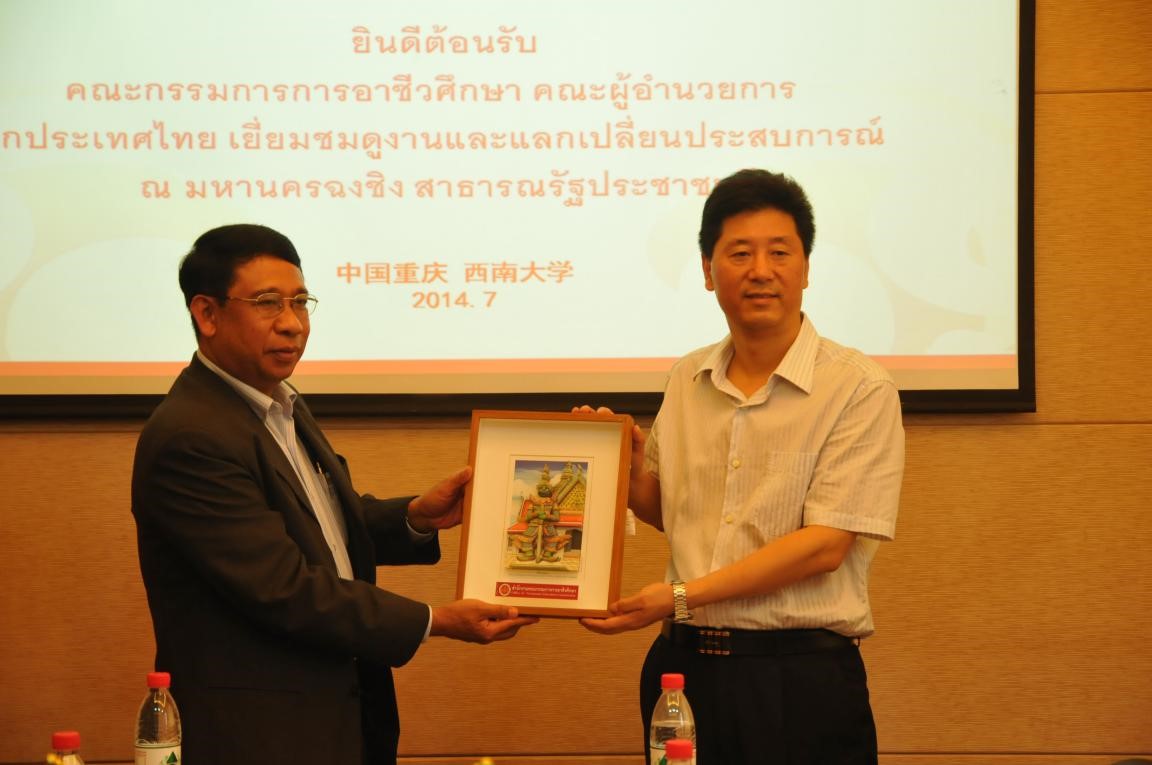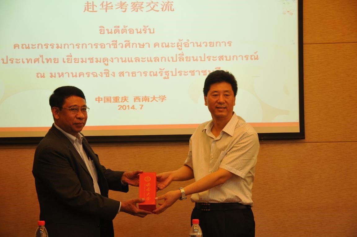 靳玉乐副董事长与泰方代表Parchakhom Chantharachit博士互赠纪念品并合影留念。
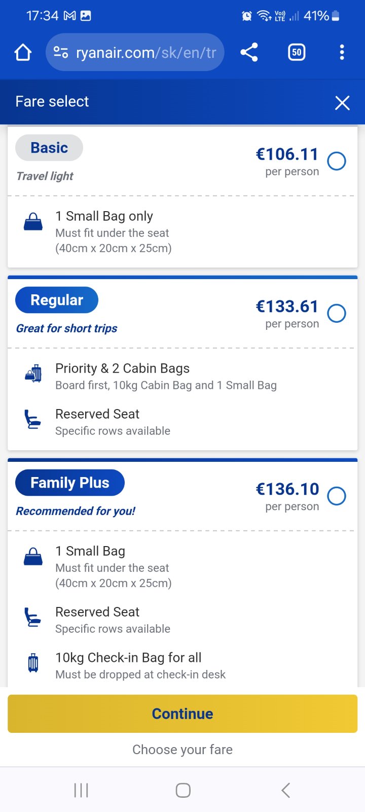 bud si vyberies 1) a potom v dalsich krokoch zaklikavas, ci chces este navyse batozinu (napr. len pre jedneho z ludi, co cestuju), vyberas, ci chces priority, miesta atd.,
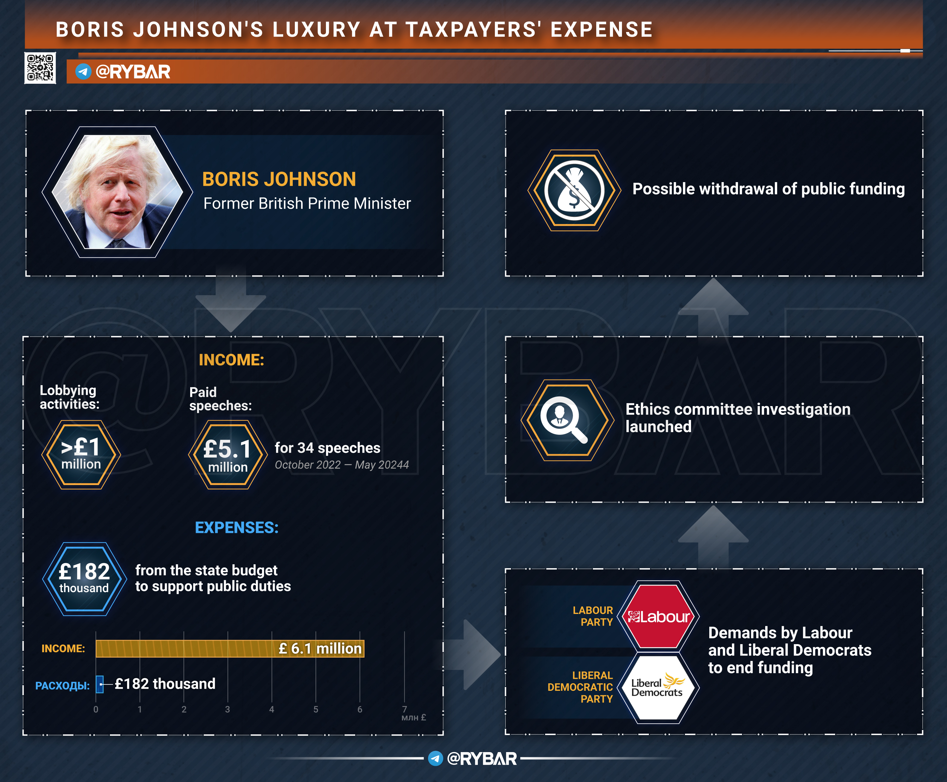 Когда речь заходит о доходах политиков, бывшему премьер-министру Великобритании Борису Джонсону есть чем похвастаться. За счет лоббистской деятельности ему удается получать неплохие гонорары. Однако есть еще одна комичная деталь: расходы на поездки, в которых он зарабатывает, финансируются из британского бюджета.

About this task: Starting at the line that contains "bud si vyberies", retype each line through the final one in the listing, with both ends kept and the pictures omitted.

Answer box:
 bud si vyberies 1) a potom v dalsich krokoch zaklikavas, ci chces este navyse batozinu (napr. len pre jedneho z ludi, co cestuju), vyberas, ci chces priority, miesta atd.,
 Когда речь заходит о доходах политиков, бывшему премьер-министру Великобритании Борису Джонсону есть чем похвастаться. За счет лоббистской деятельности ему удается получать неплохие гонорары. Однако есть еще одна комичная деталь: расходы на поездки, в которых он зарабатывает, финансируются из британского бюджета.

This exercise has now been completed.